▶ **WHAT THE TASK REQUIRES**
The data below should be transcribed in full, with no picture included.

▶ **THE DATA**
——

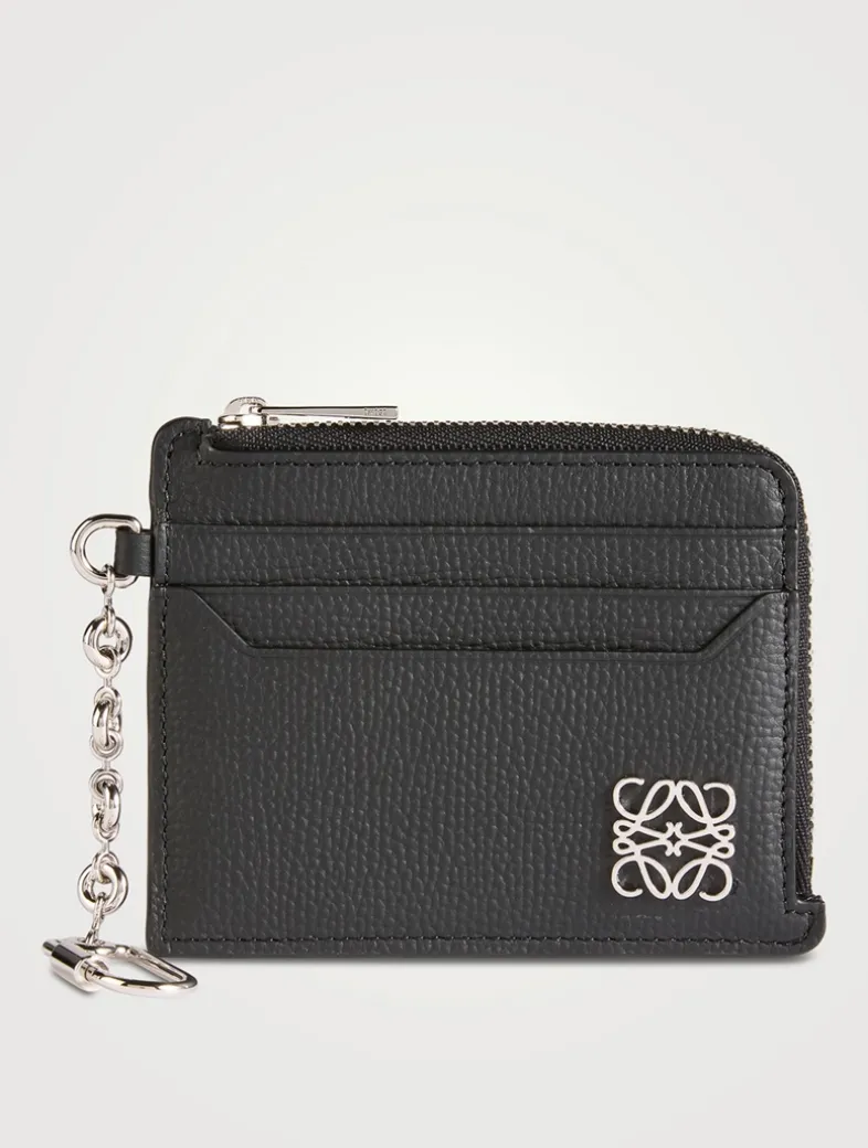 This slim case is crafted in pebble grain calfskin with metal Anagram embellishment. It is designed with a zipped coin purse, six card slots and a key hook and chain.
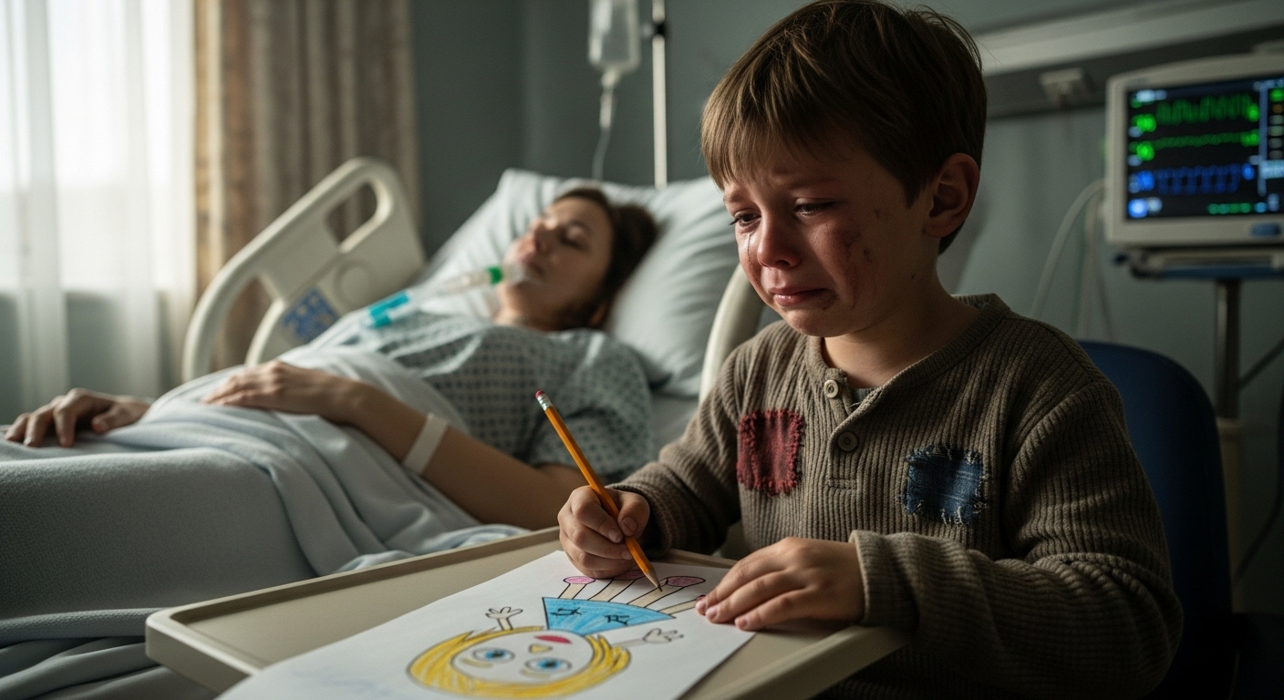 He sat by her bedside, the two broken crayon pieces clutched so tightly in his hand that they began to melt from his feverish heat. He felt utterly, terrifyingly alone. He had fought the only way he knew how—with his most cherished possession—and he had lost everything.
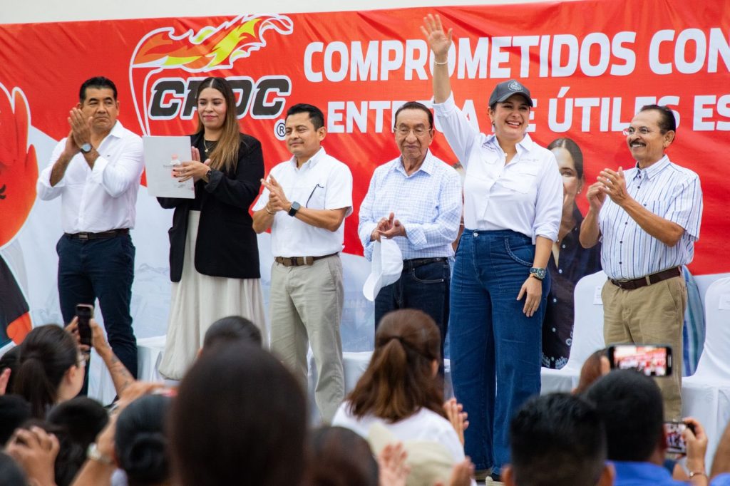 En el marco de la entrega de 32 mil 400 paquetes de útiles escolares para hijos de trabajadores croquistas en todos los niveles educativos, donde también estuvo Martín de la Cruz, dirigente estatal de la organización, la alcaldesa dirigió un emotivo mensaje a niñas, niños y jóvenes:
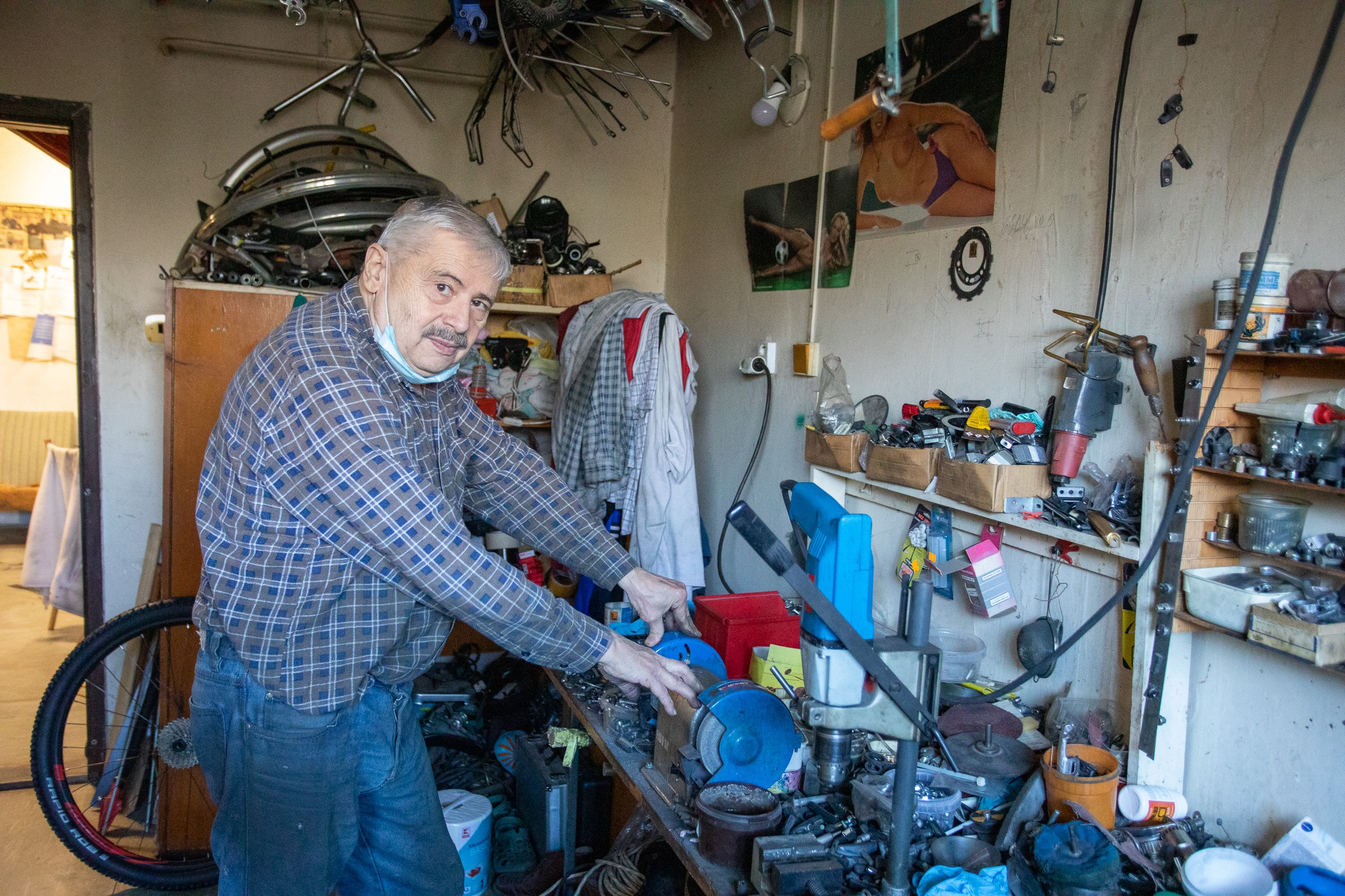 V opravovni pracovala od začiatku aj jeho manželka. Nakúpiť tovar, opraviť, spraviť účtovníctvo... Všetko to roky robia sami dvaja. „Nikdy sme na tom nezbohatli, ale vždy sme mali dosť, aby sme mohli normálne žiť.“ Priestor bol pre nich nielen dielňou, ale aj miestom, kde sa na kus reči zastavili priatelia. A tak je to dodnes. „Niekedy mám pocit, že už je čas skončiť, ale čo by som robil? Sedel doma a pozeral televízor? To by som nedokázal. Tu je stále čo robiť,“ hovorí a spomenie prvý lockdown. „Ľudia nevedeli, čo so sebou a zrazu akoby si všetci spomenuli, žeby mohli bicyklovať. Tak prevetrali svoje pivnice. Toto tu bolo plné 20-, 30-ročných starých bicyklov... Všetky prehnali cez moju opravovňu. Býval som tu od rána od piatej do večera do pol siedmej.“

——

▶ **RESPONSE FOR THIS EXERCISE**
 This slim case is crafted in pebble grain calfskin with metal Anagram embellishment. It is designed with a zipped coin purse, six card slots and a key hook and chain.
 He sat by her bedside, the two broken crayon pieces clutched so tightly in his hand that they began to melt from his feverish heat. He felt utterly, terrifyingly alone. He had fought the only way he knew how—with his most cherished possession—and he had lost everything.
 En el marco de la entrega de 32 mil 400 paquetes de útiles escolares para hijos de trabajadores croquistas en todos los niveles educativos, donde también estuvo Martín de la Cruz, dirigente estatal de la organización, la alcaldesa dirigió un emotivo mensaje a niñas, niños y jóvenes:
 V opravovni pracovala od začiatku aj jeho manželka. Nakúpiť tovar, opraviť, spraviť účtovníctvo... Všetko to roky robia sami dvaja. „Nikdy sme na tom nezbohatli, ale vždy sme mali dosť, aby sme mohli normálne žiť.“ Priestor bol pre nich nielen dielňou, ale aj miestom, kde sa na kus reči zastavili priatelia. A tak je to dodnes. „Niekedy mám pocit, že už je čas skončiť, ale čo by som robil? Sedel doma a pozeral televízor? To by som nedokázal. Tu je stále čo robiť,“ hovorí a spomenie prvý lockdown. „Ľudia nevedeli, čo so sebou a zrazu akoby si všetci spomenuli, žeby mohli bicyklovať. Tak prevetrali svoje pivnice. Toto tu bolo plné 20-, 30-ročných starých bicyklov... Všetky prehnali cez moju opravovňu. Býval som tu od rána od piatej do večera do pol siedmej.“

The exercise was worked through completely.